Background style: (below I have made a white backdrop as it’s a character sheet). Plain, busy, patterned, Fleur De Lys, Jungles, Desert, Frosty Tundra. Experiment, but for this exercise I am showing character only until later.
For this character introduction, we will only use a character sheet. The reason why is that we can download the one we want trim it in an editor and re-use it. The other reason here, is that we are training the generative part of the AI to understand what we want. This will allow us to keep this as consistent as possible and this is key if we are to make a series of character poses.

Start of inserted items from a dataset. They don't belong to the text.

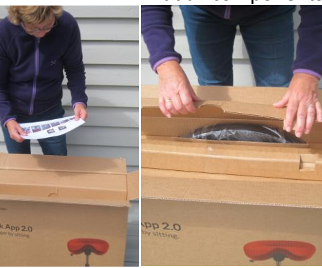
Put all components on the floor and check that all are included
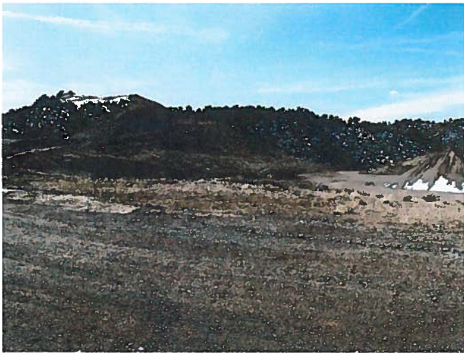
Figure 7: Overburden removal occurred on top of ridge in Phase 1c area.
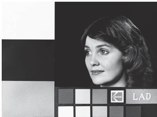
Kodak Laboratory Aim Density (LAD) system image. 1976.

In 1976, John Pytlak introduced the LAD system, which gives a more precise reading of density based on an 18 percent gray patch that forms part of the
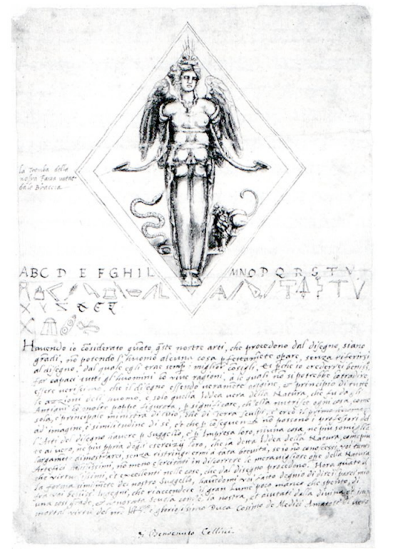
Figure 4. Benvenuto Cellini, design for seal of Florentine Academy

proposed the learning of geometry and anatomy, but this never really got under way and by 1575 there had been letters of complaint, and anxieties expressed that the educational nature of the instruction had been forgotten.<sup>17</sup>
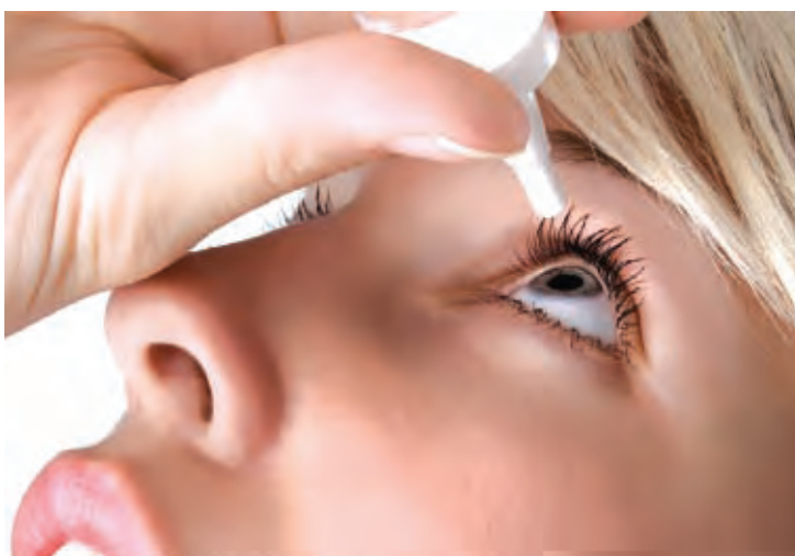
Prescription eye drops is one of the treatments for dry eyes

NVISION Laser Eye Centers offers both diagnosis and treatment of a variety of dry eye
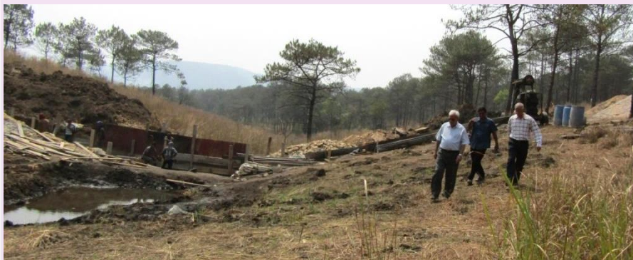
Regional Superior inspecting the Check Dam

Novices were all excited as they were getting ready for the Sunday village ministry on Feb 28 th after a gap of almost a year due to Covid restrictions. The First years, all of whom are non-Khasis, were found memorising the Khasi prayers and brushing up the little Khasi they had picked up during the weekly classes, as they had no opportunity to learn Khasi staying in the villages before joining the novitiate. With every Sunday in the village, all of them are becoming more and more confident with their ability to communicate in Khasi.
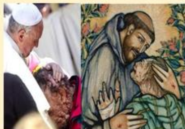
St Francis and Pope Francis embracing lepers

One of the most beloved and venerated saints, St Francis is a model of humility, service and love for every creature.
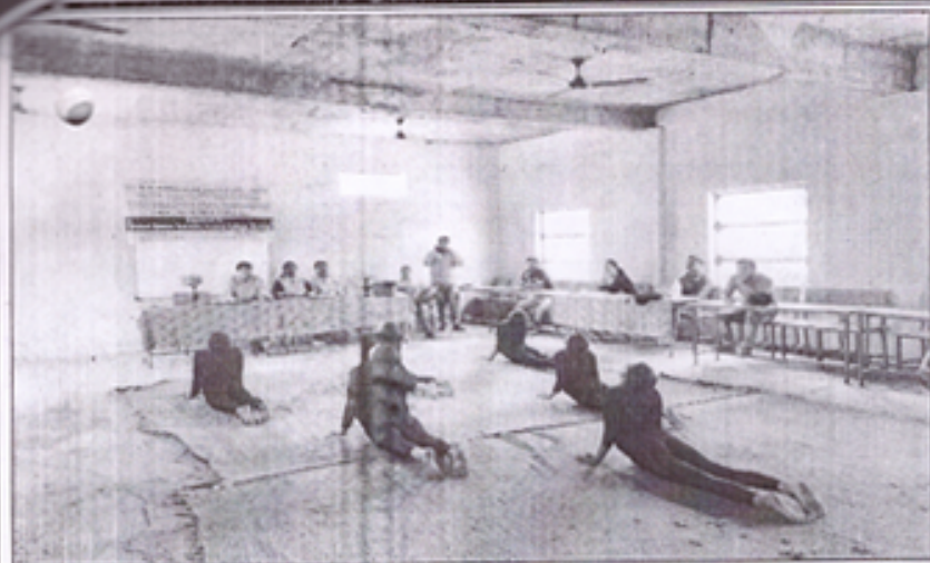
Participation at Inter collegiate Yoga tournament (Session 2018-2019) K.R.T.T. College Mathura
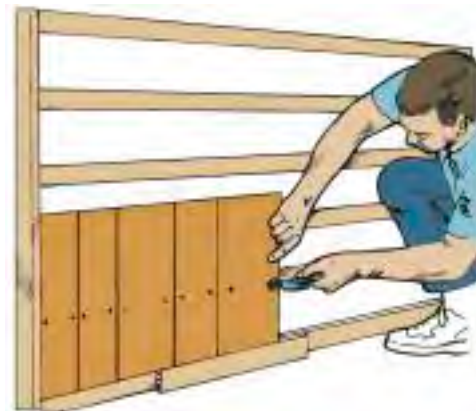
Figure 17: Starter Course
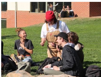
Enjoying the autumn weather
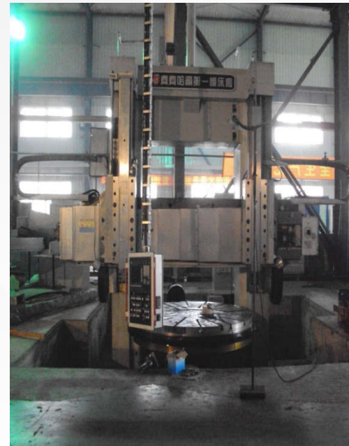
2.5米数控立车 2.5m CNC Vertical Lathe
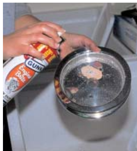
12) Most engine cleaners will not affect Zoopseal. Avoid alkaline-based cleaners such as turpentine or acetone.
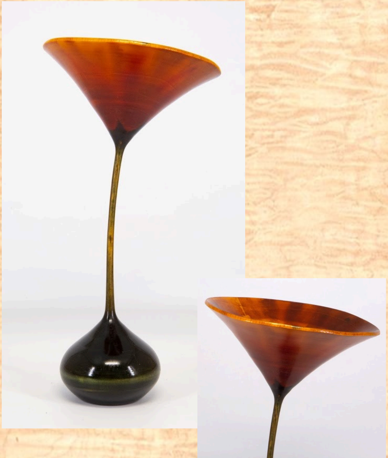
Steve Haddix - 5" x 10" flower pod [choke cherry]
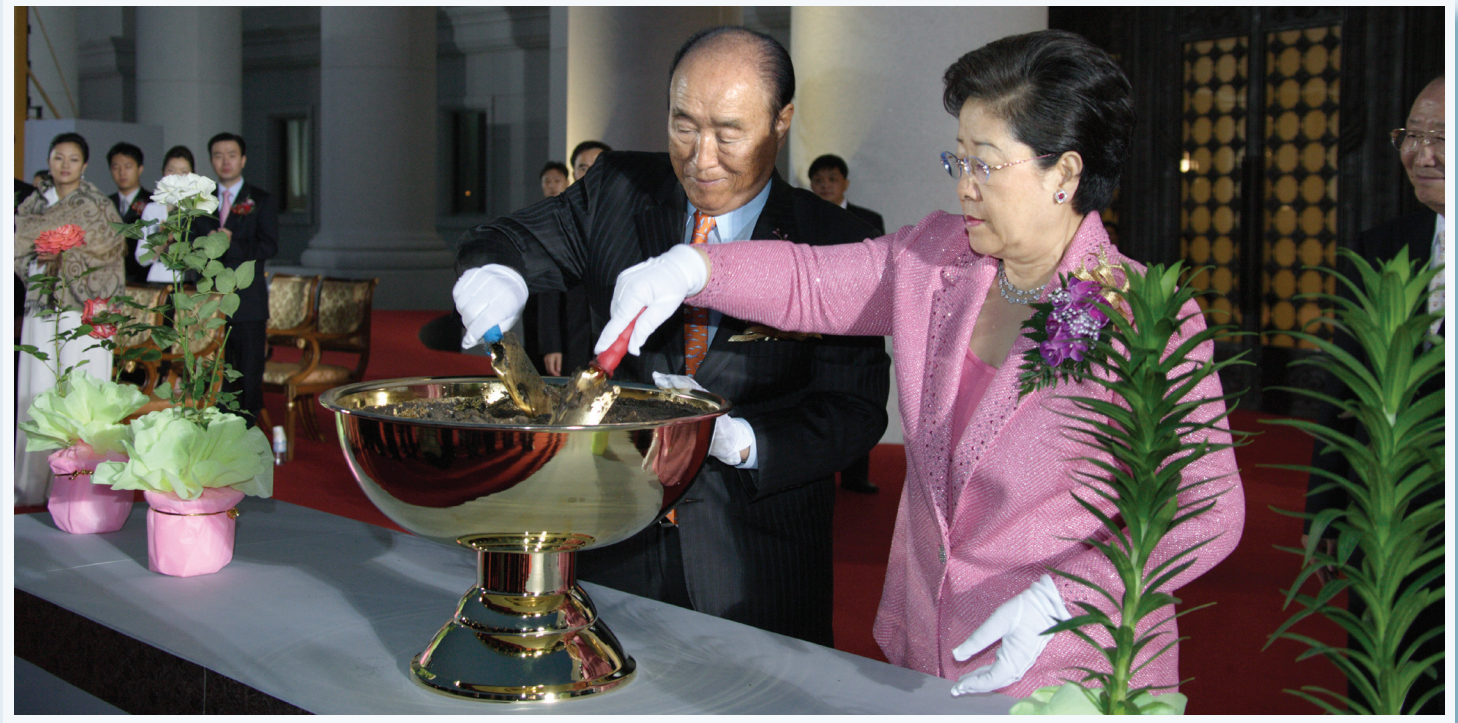
At the Dedication and Conferment of Cheon II Guk Soil and Water, True Parents received soil and water from ten continental representatives, which they mixed all together in one large bowl. After mixing it with soil and water from the Cheongpyeong Holy Ground, (representing the creation of Heaven and Earth) True Parents redistributed it (as mud) to the ten continental representatives. At the same time, True Parents gave a rose (symbolizing man) and a lily (symbolizing woman) to them as the Conferment Ceremony of Cheon II Guk Flowers, representing the 5<sup>th</sup> and 6<sup>th</sup> "days" of the Creation, on which God created animals and plants.

know the tradition of the fertilized ova. Would the fallen people, who do not know what the seed is that is to be planted in the deep, traditional valley of the ovum become owners? They could never become owners. Therefore the Messiah needs to come. The True Parent needs to come. The false parent must vanish. Do you understand? [Yes.] We really should conclude now.

Once you have your idea, go to Midjounrney and in the sidebar, where it has #general-20 (any one is fine), and type: /imagine + your choices.
I typed this: /imagine woman comic book dali style red dress bouncing curly hair happy and jolly walking white background character sheet
Of course, you can bow out now and play with these selections if you are new to this. For those who have used this, then please carry on reading as I am going to explain the options we have and why we need to keep track of this as it develops.
Going Further
Above, we can see the part finished image with about 20% finished. You can see though that the character is clearly coming through with the clothing and shape on the white background.
The video below, you can see that I am using the MidJounrney app on Mac, I’ve chosen the #general-3 channel. In here you can see my prompt: /imagine woman comic book dali style red dress bouncing curly hair happy and jolly walking white background character sheet
The image is fine for an introduction and will set you off if you want to follow this line of characterisation. As I've mentioned above, I am making a comic, and I want to make a 1940s style comic, so this means 7-9 panels. As you can see above too, I have used MJ for inspiration. I also researched some prominent artists of the time and found that Al Williamson’s style is what I like. I like the story lines he was involved with and I will stick with this.
The Interface
You will notice that there are these buttons under your image. These have specific actions. There are options in you right-click menu too that are quite important. In the image above, you can see U1, U2, U3, U4 - these are your upscale buttons. These move left to right from top to bottom. So the lady with big red hair bottom right is U4 if you want to upscale that one. The blue remix is to make more of the same prompt but with differing styles. In this instance, you may not get much variation.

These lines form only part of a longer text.